The reveal of the contest's theme art had been delayed due to the September clashes between Armenia and Azerbaijan. In a press release, AMPTV stated that "preparations for the contest are ongoing, and according to the schedule, it was no longer possible to change the deadlines", while expressing hope that the contest would be held in peaceful conditions. The theme art and slogan for the contest, "Spin the Magic", was later revealed on 26 September 2022. The artwork features an Armenian-styled spinning top as the main motif.

=== Postcards ===
Contestants were featured in "postcard" video introductions, set in different locations across Armenia. Each began with a short clip of the upcoming performer using the Armenian-style spinning top on a particular piece of structure. Following that, a stream of light in the colours of the upcoming country's flag emanated from the structure and traveled to the Karen Demirchyan Sports and Concerts Complex, signalling the start of the upcoming performance.

- – Zvartnots Cathedral
- – Yerevan 2800th Anniversary Park
- – Republic Square
- – East entrance of the Republic Square metro station
- – Temple of Garni
- – Mother Armenia
- – One of the oldest houses near Hanrapetutyan Street, Yerevan
- – 50th Anniversary Monument to Soviet Armenia
- – A fountain in Republic Square
- – The Matenadaran
- – Cafesjian Center for the Arts
- – Monument to David of Sassoun
- – Yerevan Opera House
- – A fountain in the Yerevan 2800th Anniversary Park
- – Geghard Monastery
- – Yerevan Botanical Garden

=== Presenters ===
Iveta Mukuchyan, Garik Papoyan and Karina Ignatyan were the presenters of the show. Ignatyan was the Armenian entrant in the Junior Eurovision Song Contest 2019, and Mukuchyan was the Armenian entrant in the Eurovision Song Contest 2016. The hosts were revealed on 18 November. Robin the Robot, a robot with artificial emotions developed by Armenian IT company Expper Technologies, was revealed as the guest presenter on 1 December.

== Contest overview ==
The event took place on 11 December 2022 at 19:00 AMT (16:00 CET). Sixteen countries participated, with the running order published on 5 December 2022. All the countries competing were eligible to vote with the jury vote, as well as participating and non-participating countries under an aggregated international online vote, eligible to vote. France won with 203 points, also winning the jury vote. Armenia came second with 180 points, with Georgia, Ireland, and the United Kingdom, who won the online vote, completing the top five. Albania, Serbia, North Macedonia, Kazakhstan, and Malta occupied the bottom five positions.

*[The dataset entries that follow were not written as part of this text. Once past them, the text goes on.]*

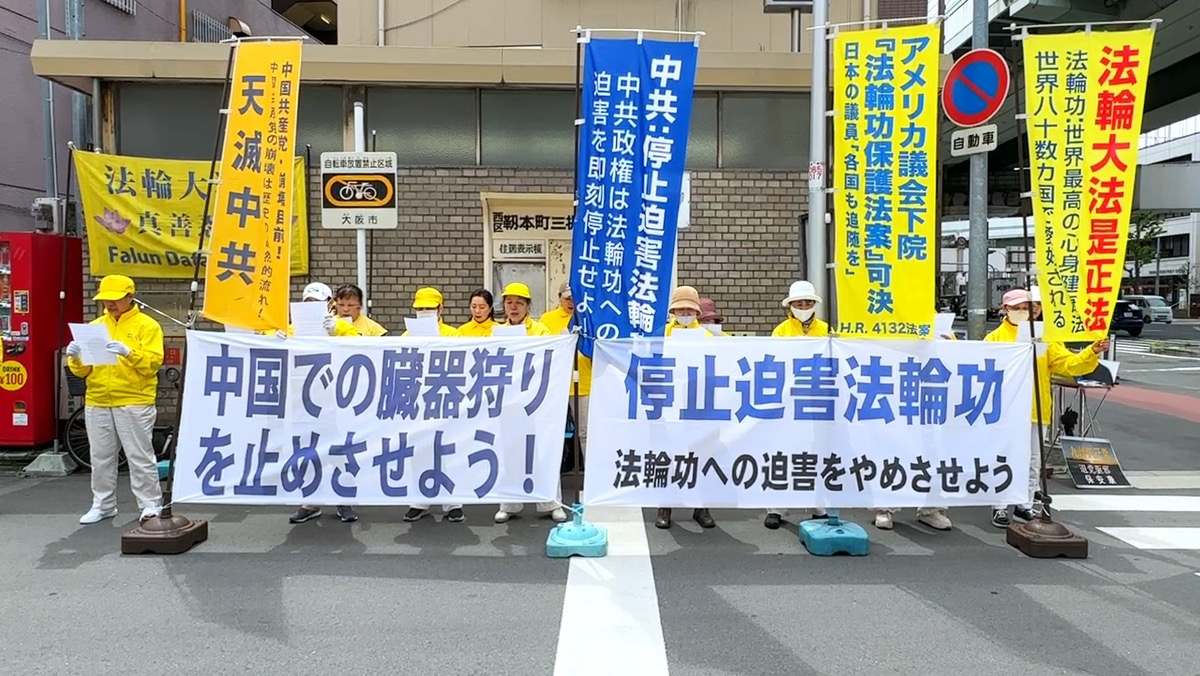 Practitioners from the Kansai region gathered in front of the Chinese Consulate in Osaka on April 21. They displayed banners and called on the CCP to immediately stop the persecution of Falun Gong and stop harvesting organs from living practitioners.
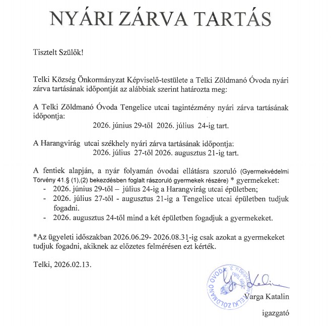 Nyári zárva tartás
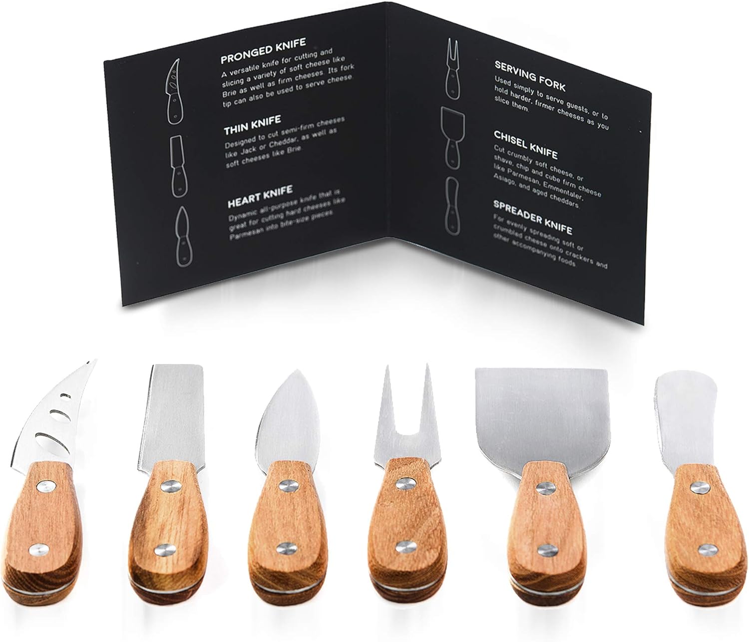 🔪 COMPLETE 6-PIECE COLLECTION: This Cheese Knife Set includes 4 specialized cheese knives, 1 cheese fork, and 1 cheese spreader knife—everything you need to serve your favorite cheeses on a stunning cheese board. PLUS, enjoy 15 delectable Cheese Recipes for every occasion!

The opening of the show featured the traditional flag parade, with all participants performing the common song "Spin the Magic". During the interval, Maléna performed her new single "Can’t Feel Anything", followed by Rosa Linn performing "Snap", with which she in the Eurovision Song Contest 2022. Closing the interval, ten previous Junior Eurovision winners performed their winning songs, for the occasion of the 20th edition of the event, alongside Maléna: Bzikebi, Ralf Mackenbach, Vladimir Arzumanyan, Candy, Gaia Cauchi, Vincenzo Cantiello, Destiny Chukunyere, Mariam Mamadashvili, Viki Gabor, and Valentina. The other eight winning songs were performed by the Tavush Diocese Children’s Choir.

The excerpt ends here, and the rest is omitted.